Família acusa negligência após morte de jovem que passou por três hospitais na Baixada
Por Santa Portal em 24/11/2025 às 05:00
A família de Nayara Alves Meng, de 28 anos, cobra respostas sobre a morte da jovem após meses de busca por atendimento médico em unidades de São Vicente, Praia Grande e Santos, no litoral de São Paulo. Moradora da Área Continental vicentina, ela morreu na última quarta-feira (19), no Hospital dos Estivadores, após sofrer uma parada cardíaca.
A causa, segundo os últimos laudos, está relacionada à falência do coração em consequência de uma infecção pulmonar que evoluiu para superbactéria, quadro agravado, segundo a família, pela demora em obter diagnóstico preciso e pelo uso contínuo e desordenado de antibióticos ao longo de sete meses.

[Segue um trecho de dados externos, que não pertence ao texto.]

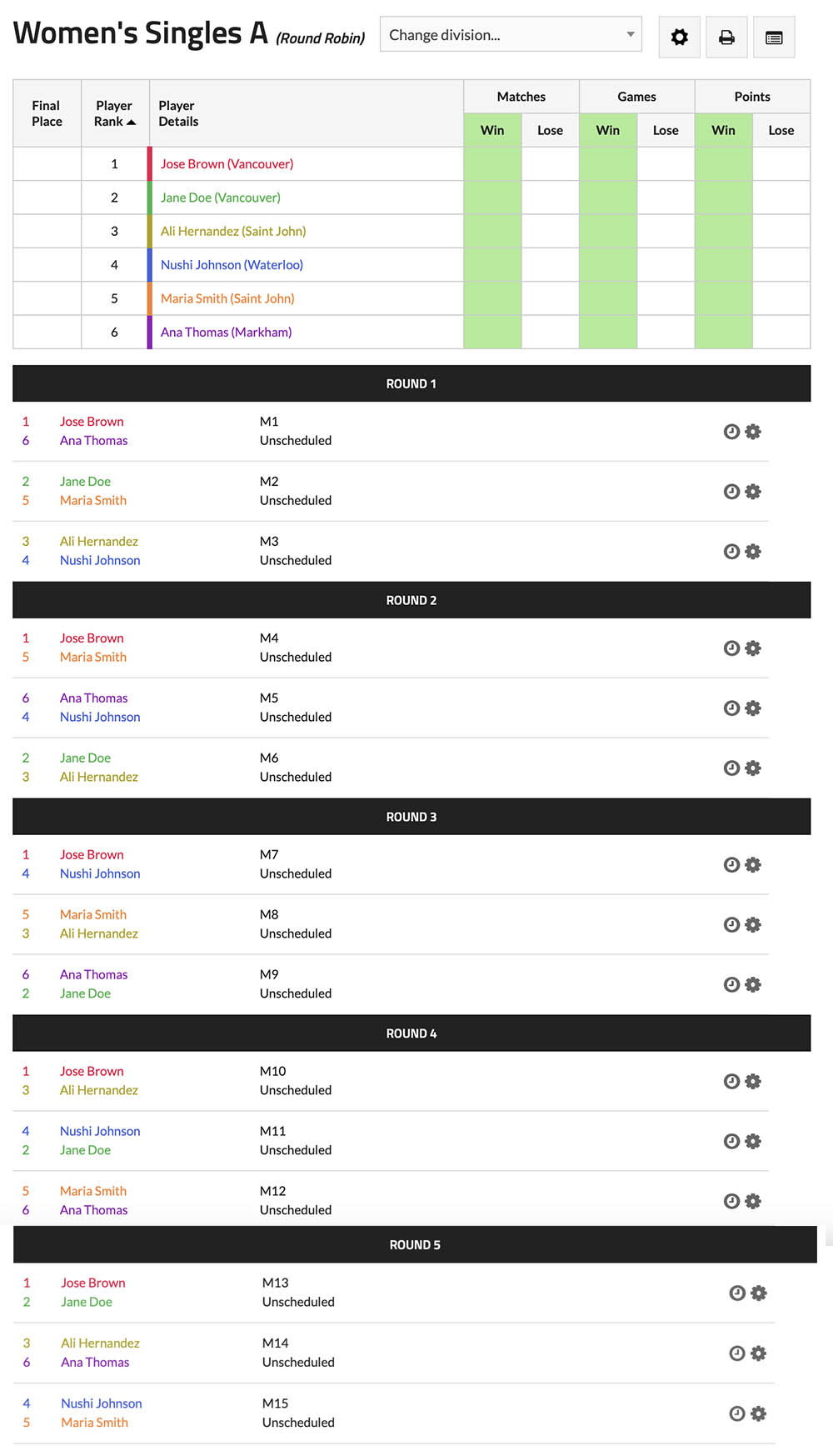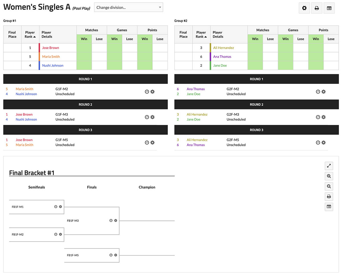 Allows searching by participant name, sorting by division, and status of match.

A irmã, Talita Leôncio Meng, afirma que a cronologia de erros e omissões começou ainda em março, quando Nayara, até então saudável, apresentou tosse persistente, febre e dificuldade para respirar. “Ela já não usava vape (cigarro eletrônico) desde o início da tosse. Tratava tudo como gripe. Mas as idas aos prontos-socorros só resultavam em receitas trocadas a cada consulta”, diz.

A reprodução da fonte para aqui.